United States v. Williams

Decision Date06 March 2014
Docket NumberCriminal No. 06–00079 JMS–KSC.
Citation1 F.Supp.3d 1124
PartiesUNITED STATES of America, Plaintiff, v. Naeem J. WILLIAMS, Defendant.
CourtU.S. District Court — District of Hawaii

OPINION TEXT STARTS HERE

Steven D. Mellin, U.S. Department of Justice, Washington, DC, Darren W.K. Ching, Office of the United States Attorney, Honolulu, HI, for Plaintiff.

Barry D. Edwards, Kaneohe, HI, Michael N. Burt, Law Office of Michael Burt, John Timothy Philipsborn, San Francisco, CA, for Defendant.

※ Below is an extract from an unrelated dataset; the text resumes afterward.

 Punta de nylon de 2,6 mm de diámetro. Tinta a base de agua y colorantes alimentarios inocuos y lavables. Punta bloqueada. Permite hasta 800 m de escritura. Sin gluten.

ORDER DENYING DEFENDANT NAEEM WILLIAMS' MOTION FOR PRETRIAL DETERMINATION THAT THE DEATH PENALTY CANNOT BE CARRIED OUT AGAINST NAEEM WILLIAMS BECAUSE OF A DISQUALIFYING MENTAL CAPACITY WITHIN THE MEANING OF 18 U.S.C. § 3596(c) AND ATKINS v. VIRGINIA, 536 U.S. 304 (2002)

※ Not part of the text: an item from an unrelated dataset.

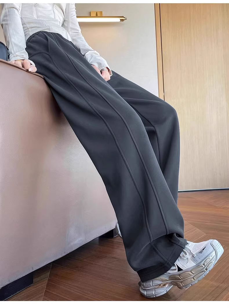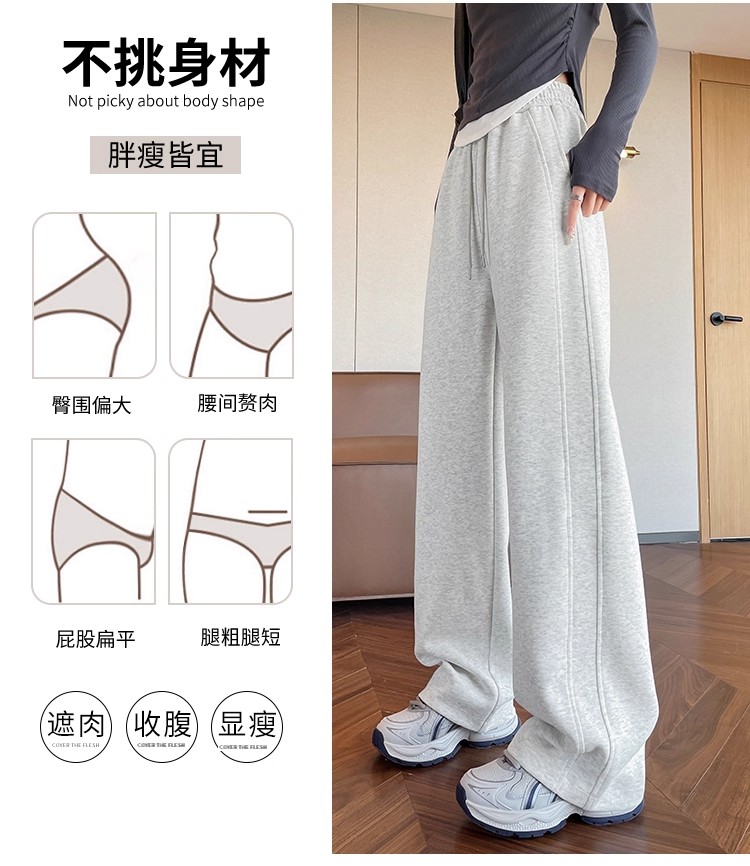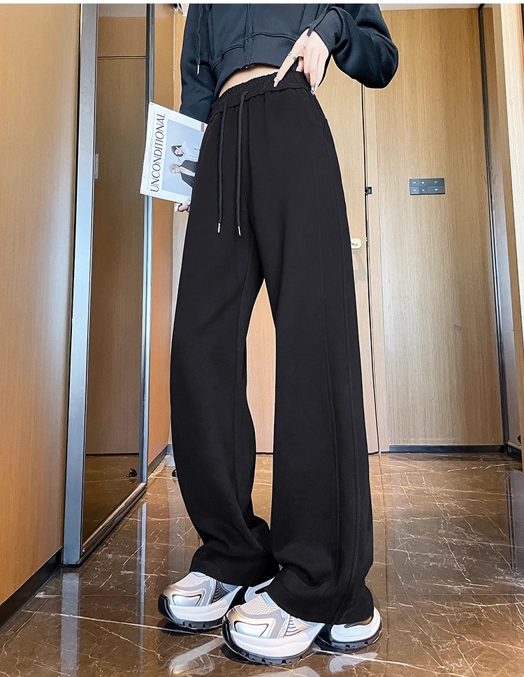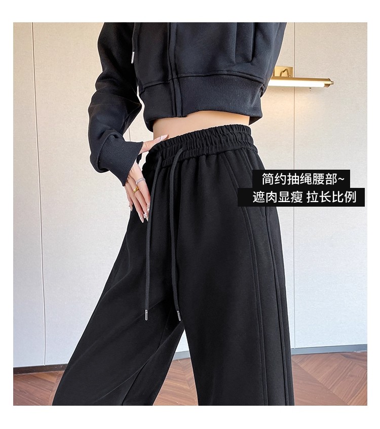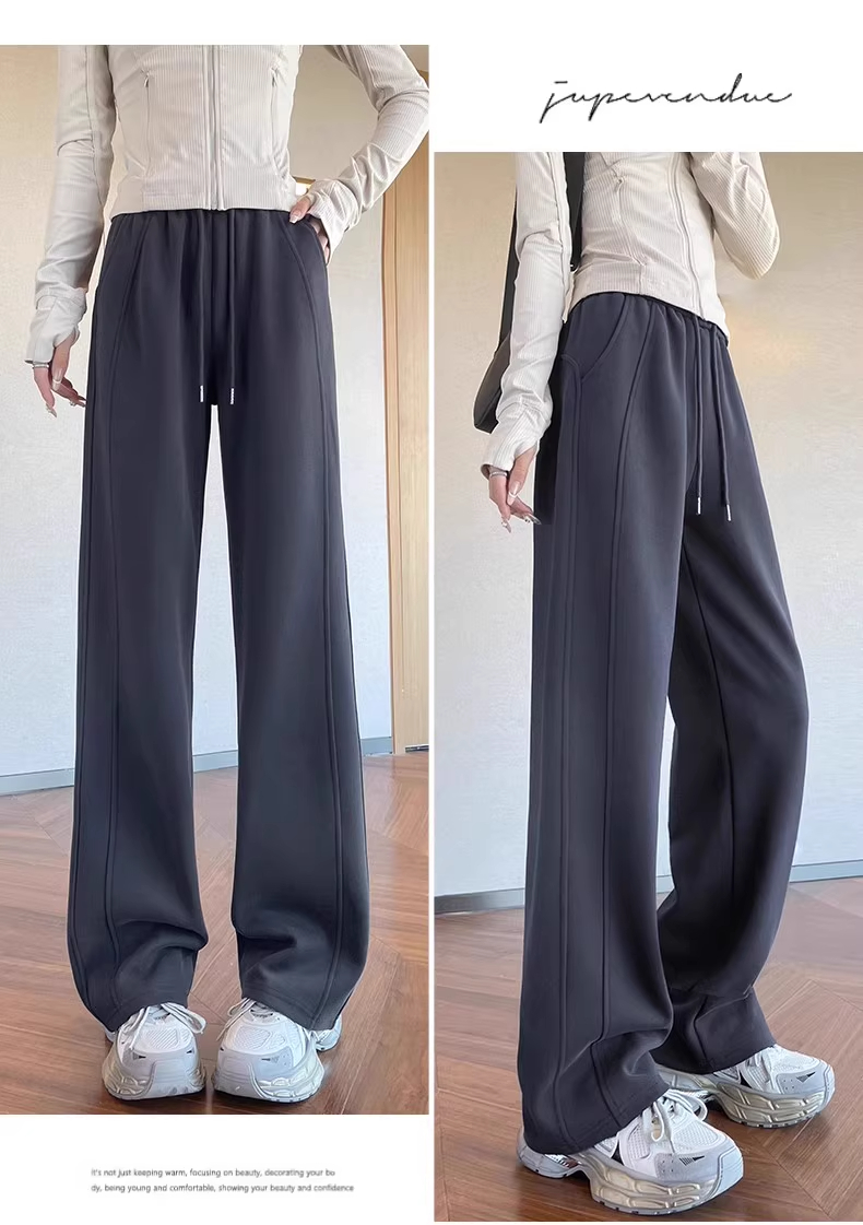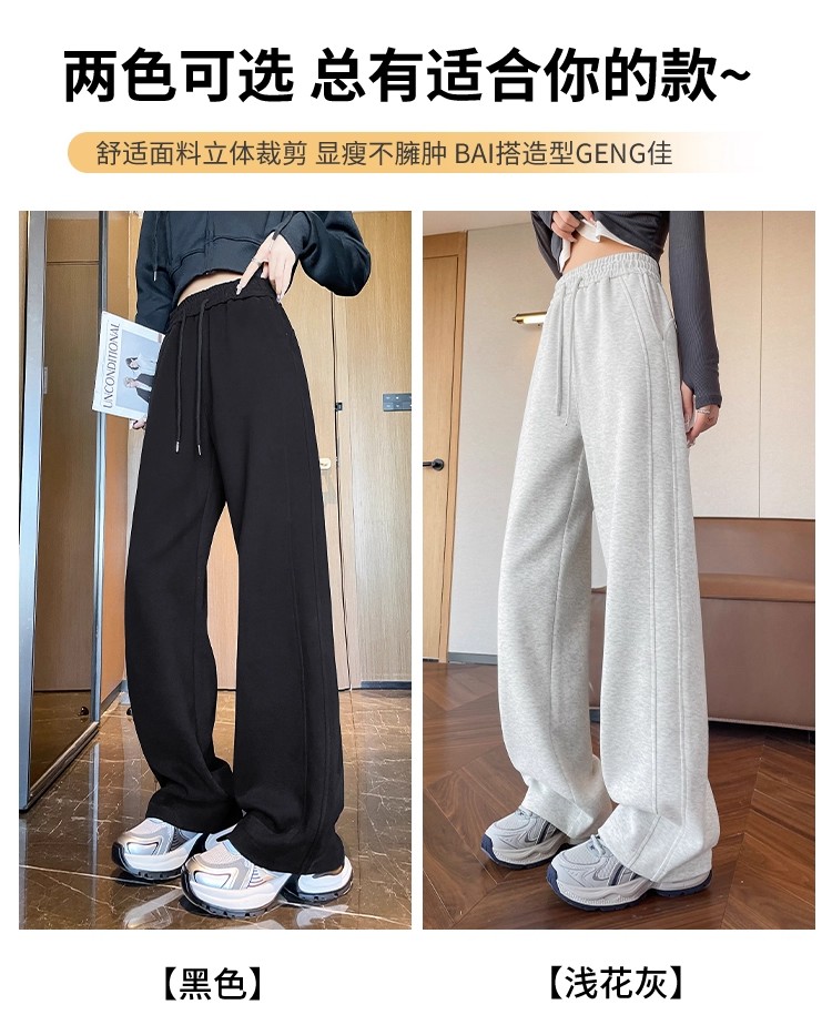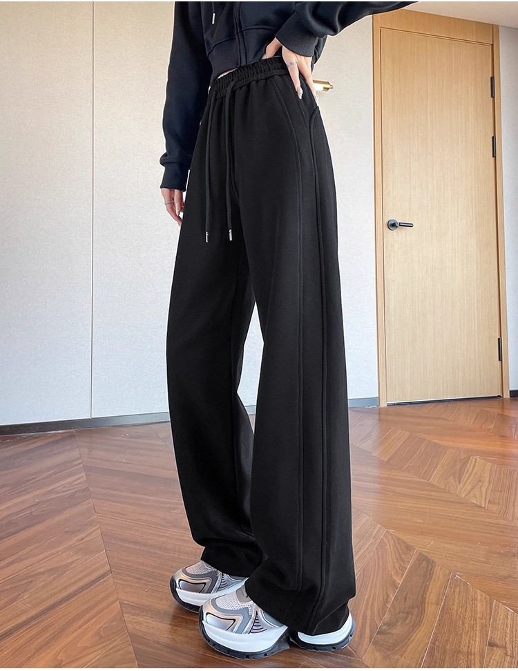高个子加长美式运动卫裤女秋冬加绒加厚窄版直筒拖地休闲阔腿裤子

J. MICHAEL SEABRIGHT, District Judge.

I. INTRODUCTION

The United States has charged Defendant Naeem Williams (Defendant or “Williams”) with crimes that qualify him for possible imposition of the death penalty under 18 U.S.C. §§ 3591 & 3592. Defendant has moved pursuant to 18 U.S.C. § 3596(c), and Atkins v. Virginia, 536 U.S. 304, 122 S.Ct. 2242, 153 L.Ed.2d 335 (2002), for a pretrial determination that the death penalty cannot be carried out against him because of a disqualifying mental capacity— i.e., that he is “intellectually disabled.” 1 Doc. No. 2064. The court has analyzed the extensive evidence taken during nine days of testimony in September and December 2013 (as well as other evidence in the record specifically proffered by the parties 2), and has carefully considered the written arguments filed by both sides. Based on the following, the court concludes that Defendant has failed to prove by a preponderance of the evidence that he has such a disqualifying condition.3 Accordingly, Defendant's Motion is DENIED.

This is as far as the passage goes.